Exercise details —
What is needed is an exact reproduction of the lines in the records below, starting at the line with "Suspensions in white" and ending at the line with "Fern Leaf Round", both included, and nothing else; pictures stay out.

*** Opening Data for the task ***

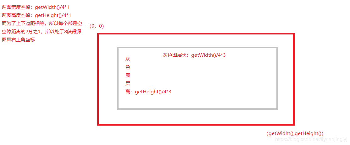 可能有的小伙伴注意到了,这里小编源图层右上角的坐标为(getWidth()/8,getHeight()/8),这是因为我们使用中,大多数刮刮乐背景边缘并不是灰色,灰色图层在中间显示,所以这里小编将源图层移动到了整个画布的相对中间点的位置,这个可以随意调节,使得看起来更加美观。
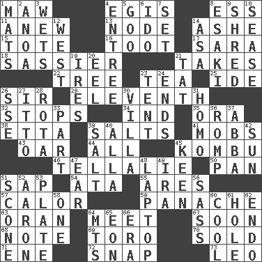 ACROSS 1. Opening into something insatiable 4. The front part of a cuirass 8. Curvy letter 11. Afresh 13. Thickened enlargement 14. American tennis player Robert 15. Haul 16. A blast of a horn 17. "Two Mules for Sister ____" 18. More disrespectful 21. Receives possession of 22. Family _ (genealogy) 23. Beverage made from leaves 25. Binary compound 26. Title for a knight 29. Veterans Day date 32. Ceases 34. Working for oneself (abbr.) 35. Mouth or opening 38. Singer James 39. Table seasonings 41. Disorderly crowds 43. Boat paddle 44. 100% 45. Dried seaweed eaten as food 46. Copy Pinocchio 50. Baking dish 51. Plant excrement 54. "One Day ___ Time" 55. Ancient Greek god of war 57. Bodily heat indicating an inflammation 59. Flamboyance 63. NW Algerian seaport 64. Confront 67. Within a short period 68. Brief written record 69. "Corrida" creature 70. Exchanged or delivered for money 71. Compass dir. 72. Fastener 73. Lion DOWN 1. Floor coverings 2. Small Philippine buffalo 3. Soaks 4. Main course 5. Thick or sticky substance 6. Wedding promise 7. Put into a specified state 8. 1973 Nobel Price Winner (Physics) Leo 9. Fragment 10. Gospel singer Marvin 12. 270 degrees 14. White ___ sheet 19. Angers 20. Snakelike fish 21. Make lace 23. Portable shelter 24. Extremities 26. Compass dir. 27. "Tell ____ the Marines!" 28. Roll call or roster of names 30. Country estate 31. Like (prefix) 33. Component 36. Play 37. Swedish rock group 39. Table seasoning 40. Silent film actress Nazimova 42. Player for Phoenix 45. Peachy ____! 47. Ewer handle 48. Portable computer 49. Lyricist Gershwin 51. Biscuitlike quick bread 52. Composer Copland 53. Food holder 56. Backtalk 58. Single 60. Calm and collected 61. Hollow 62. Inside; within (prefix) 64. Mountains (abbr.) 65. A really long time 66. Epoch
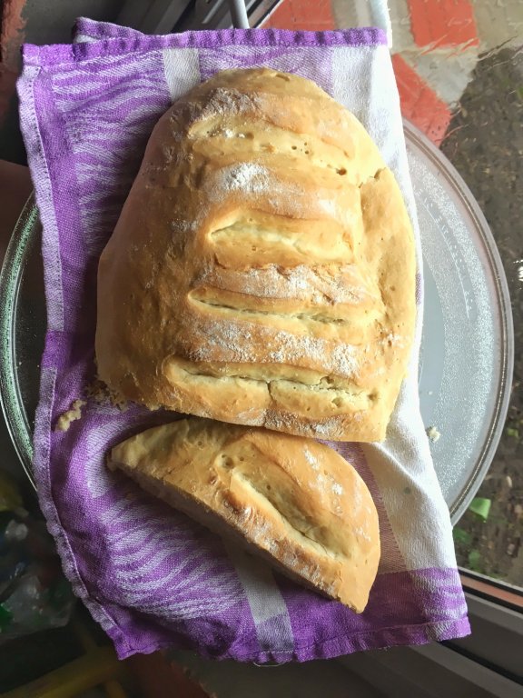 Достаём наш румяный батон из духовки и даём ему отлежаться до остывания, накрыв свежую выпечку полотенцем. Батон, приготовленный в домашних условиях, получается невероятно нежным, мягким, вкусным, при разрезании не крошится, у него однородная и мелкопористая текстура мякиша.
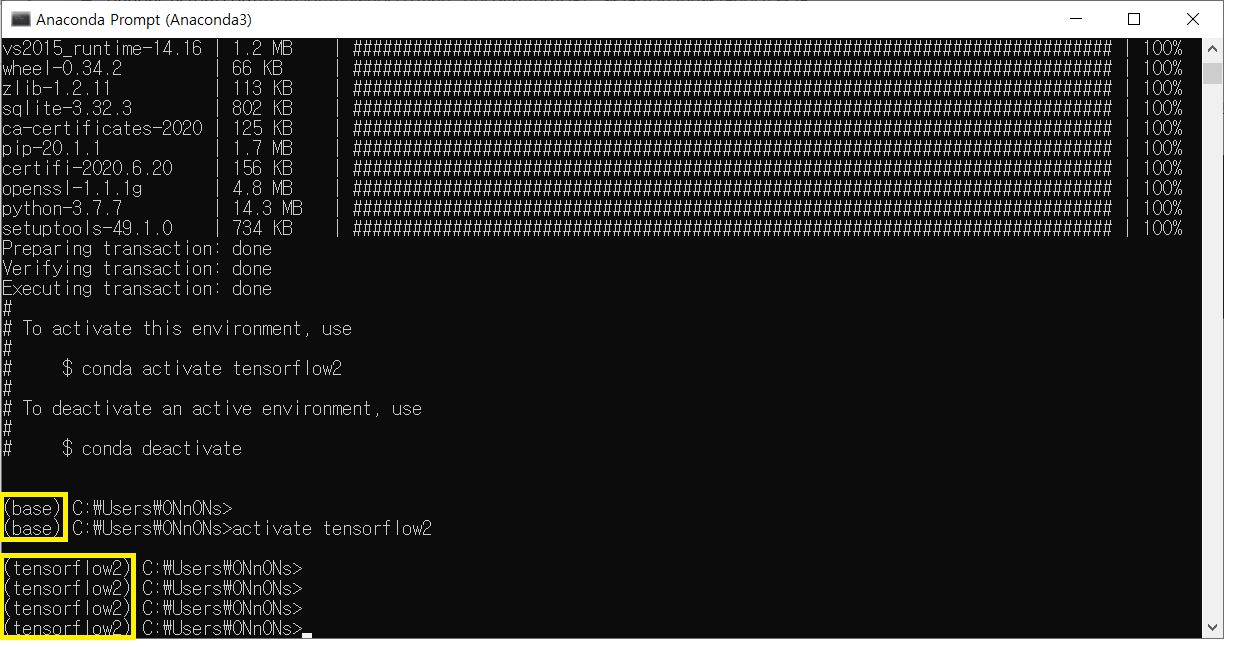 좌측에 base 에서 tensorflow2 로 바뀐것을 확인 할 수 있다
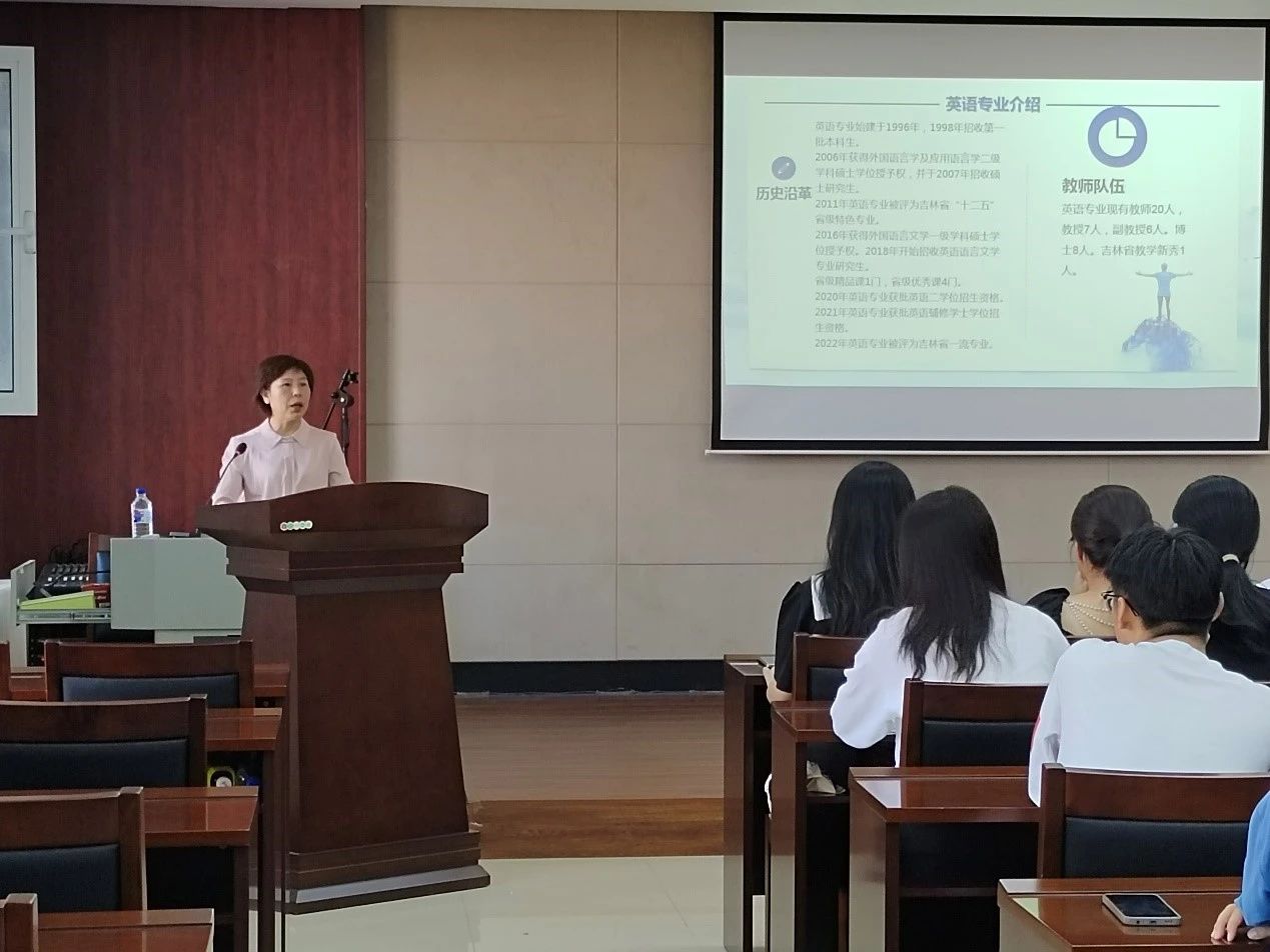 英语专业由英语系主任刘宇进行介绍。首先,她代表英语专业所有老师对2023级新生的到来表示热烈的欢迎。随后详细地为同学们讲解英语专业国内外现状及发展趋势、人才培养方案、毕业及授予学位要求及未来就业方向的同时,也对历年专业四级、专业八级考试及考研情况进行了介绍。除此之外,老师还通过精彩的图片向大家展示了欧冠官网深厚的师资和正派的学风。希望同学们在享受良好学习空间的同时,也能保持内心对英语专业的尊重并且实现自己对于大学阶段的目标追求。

*** Closing Data for the task ***
*** Opening Data for the task ***

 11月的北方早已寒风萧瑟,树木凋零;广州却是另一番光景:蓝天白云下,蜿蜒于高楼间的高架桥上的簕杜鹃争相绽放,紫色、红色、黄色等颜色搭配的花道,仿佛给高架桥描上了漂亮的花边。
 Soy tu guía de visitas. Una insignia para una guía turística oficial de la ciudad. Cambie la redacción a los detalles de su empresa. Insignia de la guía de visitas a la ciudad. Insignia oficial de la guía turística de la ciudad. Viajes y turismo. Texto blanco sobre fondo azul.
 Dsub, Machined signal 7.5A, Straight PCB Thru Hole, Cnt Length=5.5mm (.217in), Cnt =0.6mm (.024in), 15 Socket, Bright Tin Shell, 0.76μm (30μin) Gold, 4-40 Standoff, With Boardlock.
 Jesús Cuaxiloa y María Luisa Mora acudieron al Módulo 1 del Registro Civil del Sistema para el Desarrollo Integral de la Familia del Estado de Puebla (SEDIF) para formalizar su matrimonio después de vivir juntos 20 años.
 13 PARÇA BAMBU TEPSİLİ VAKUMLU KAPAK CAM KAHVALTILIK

*** Closing Data for the task ***
*** Opening Data for the task ***

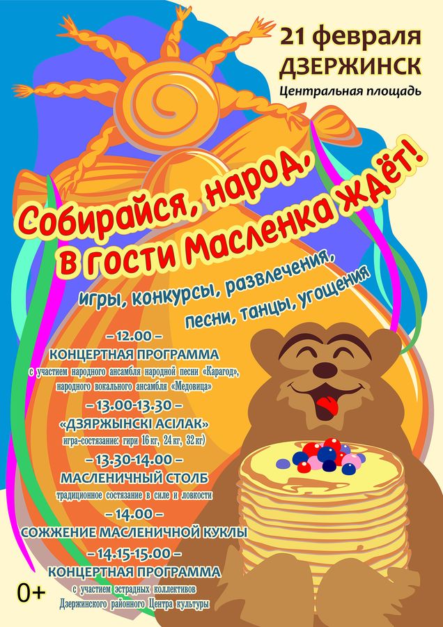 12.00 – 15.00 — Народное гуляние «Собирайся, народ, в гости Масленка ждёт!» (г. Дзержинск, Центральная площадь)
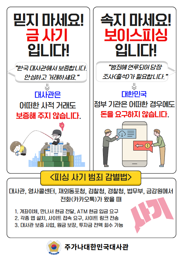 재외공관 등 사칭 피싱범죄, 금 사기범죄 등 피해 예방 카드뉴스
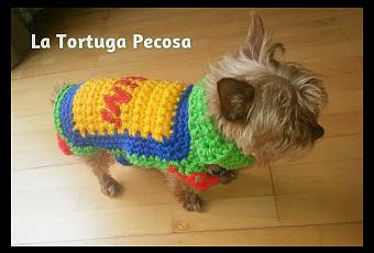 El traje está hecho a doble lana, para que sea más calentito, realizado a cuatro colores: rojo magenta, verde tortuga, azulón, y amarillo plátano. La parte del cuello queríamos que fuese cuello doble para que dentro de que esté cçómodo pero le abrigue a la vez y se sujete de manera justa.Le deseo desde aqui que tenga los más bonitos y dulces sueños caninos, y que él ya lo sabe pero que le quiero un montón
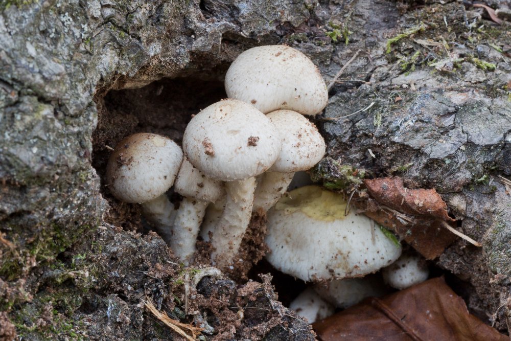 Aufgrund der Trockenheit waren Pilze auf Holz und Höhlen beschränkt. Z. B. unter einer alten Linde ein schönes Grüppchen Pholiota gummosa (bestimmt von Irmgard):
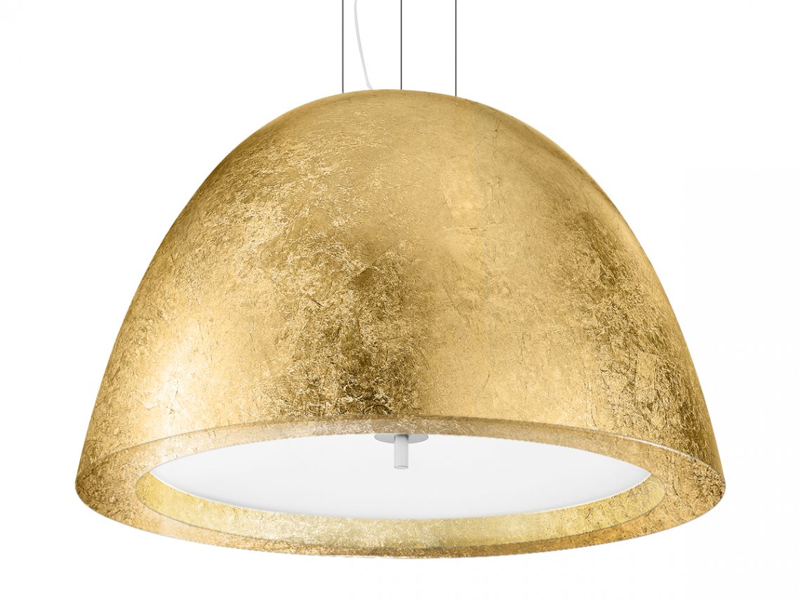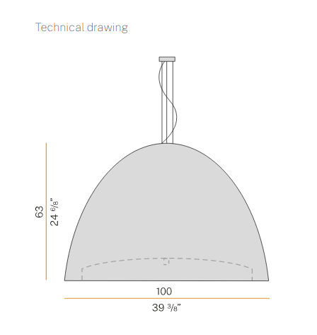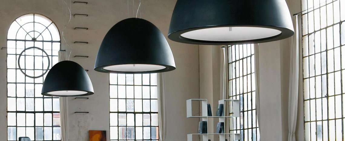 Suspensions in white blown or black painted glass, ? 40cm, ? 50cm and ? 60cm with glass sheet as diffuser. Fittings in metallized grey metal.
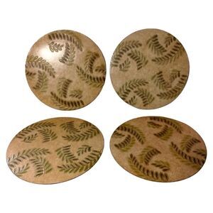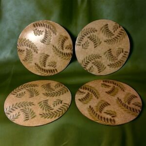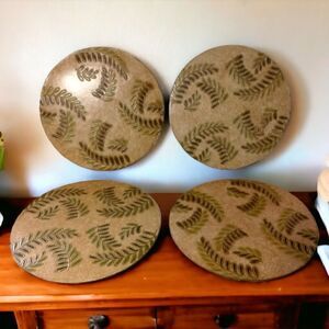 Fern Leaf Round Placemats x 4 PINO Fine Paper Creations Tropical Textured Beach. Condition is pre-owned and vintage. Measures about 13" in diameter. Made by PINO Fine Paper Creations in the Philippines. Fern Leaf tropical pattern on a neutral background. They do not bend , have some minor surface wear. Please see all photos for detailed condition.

*** Closing Data for the task ***

Response area —
 Suspensions in white blown or black painted glass, ? 40cm, ? 50cm and ? 60cm with glass sheet as diffuser. Fittings in metallized grey metal.
 Fern Leaf Round Placemats x 4 PINO Fine Paper Creations Tropical Textured Beach. Condition is pre-owned and vintage. Measures about 13" in diameter. Made by PINO Fine Paper Creations in the Philippines. Fern Leaf tropical pattern on a neutral background. They do not bend , have some minor surface wear. Please see all photos for detailed condition.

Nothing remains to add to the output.